- DATA SECTION -
○ ○ ○ ○ ○ ○ ○

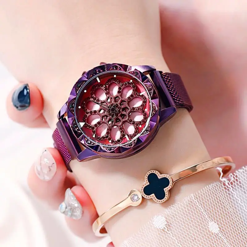 Прямая поставка, роскошные магнитные часы, дизайн с вращающимся циферблатом 360, часы на удачу, браслет из нержавеющей стали, кварцевые часы, женские часы
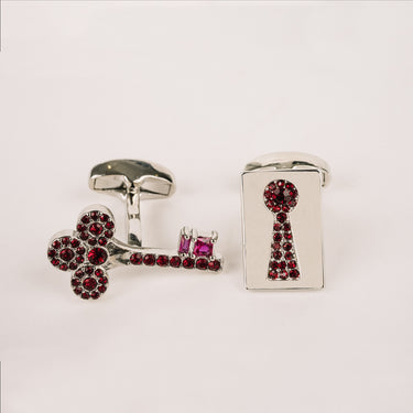 The Lock & Key Cufflinks Set | Silver with Ruby Red Stone Accent
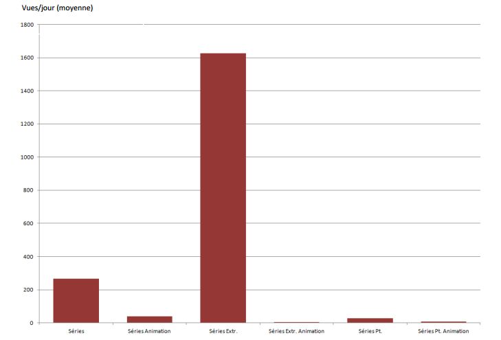 Outre les films, l'étude s'est penchée sur les séries TV. Il ressort que les extraits sont particulièrement prisés par les visiteurs, puisqu'ils concentrent l'essentiel des vues quotidiennes dans le sous-échantillon consacré aux séries TV. Les épisodes complets d'une série arrivent en deuxième position du classement, mais très loin derrière (moyenne de 260 vues / jour contre 1600 vues / jour).

○ ○ ○ ○ ○ ○ ○

- YOUR INSTRUCTIONS -
Set the listing down again exactly, skipping each picture.

- EXPECTED OUTPUT -
 Прямая поставка, роскошные магнитные часы, дизайн с вращающимся циферблатом 360, часы на удачу, браслет из нержавеющей стали, кварцевые часы, женские часы
 The Lock & Key Cufflinks Set | Silver with Ruby Red Stone Accent
 Outre les films, l'étude s'est penchée sur les séries TV. Il ressort que les extraits sont particulièrement prisés par les visiteurs, puisqu'ils concentrent l'essentiel des vues quotidiennes dans le sous-échantillon consacré aux séries TV. Les épisodes complets d'une série arrivent en deuxième position du classement, mais très loin derrière (moyenne de 260 vues / jour contre 1600 vues / jour).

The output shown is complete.